Мне кажется, моя история задела именно своей искренностью. О чём мы сегодня можем откровенно прочитать? О жизни поп-звёзд, и то чаще всего выдумки да сплетни. Мы не привыкли к открытости, мы не доверяем друг другу, прячемся. Семьдесят лет социализма не прошли даром: нам внушили, что мы друг друга очень любим, но на самом деле это была видимость, потому что первое, что сделал бывший советский человек, — поставил вокруг своих шести соток трёхметровый забор, чтоб не видеть и не слышать никого вокруг.
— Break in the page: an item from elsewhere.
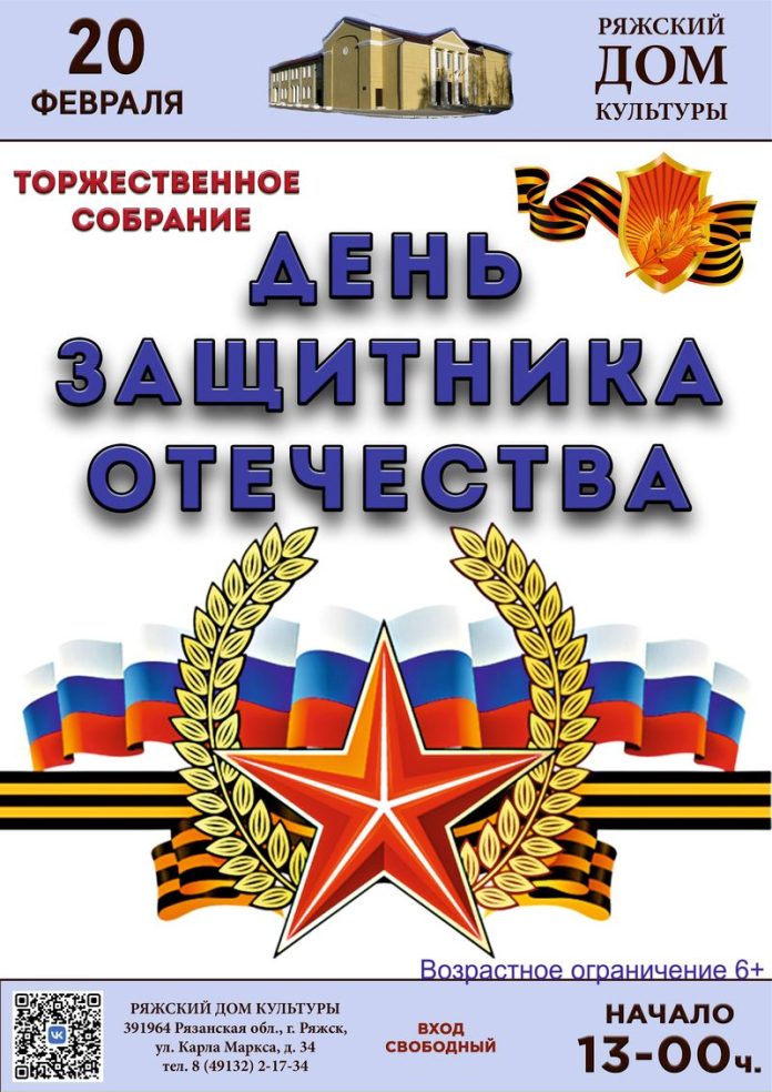 Главная Ряжцев приглашают на концерт, посвященный Дню защитника Отечества От admin - 17 февраля, 2026 0 10 20 февраля в Ряжском Доме культуры состоится торжественное собрание, посвященное Дню защитника Отечества. Праздничная программа начнется в 13 часов. Возрастное ограничение 6+. Афиша со страницы Ряжского Дома культуры в соцсетях «ВКонтакте».

Но оказывается, что на самом деле мы уже истосковались по искренности, мы готовы услышать чужую боль… И рассказать о своей.
Из «Истории болезни»: «Ему, любому живому, по-прежнему так много дано. Лицо своего ребёнка. Мамины смеющиеся морщинки. Солнце на щеке. Кошка мурчит. Запах нарциссов. Но я часто думаю, наверное, даже мечтаю о быстрой смерти. Поэтому не боюсь ни самолётов, ни лодок, ничего такого. Но так было бы слишком просто. Моя пьеса так решительно не закончится».
Красивую женщину из инвалидного кресла легко поднимет молчаливый помощник-шофёр и пересадит в джип, а коляску положит в багажник. А я пойду к метро — пятно солнца на щеке — и буду думать о том, что жизнь проверяет любого из нас каждый день.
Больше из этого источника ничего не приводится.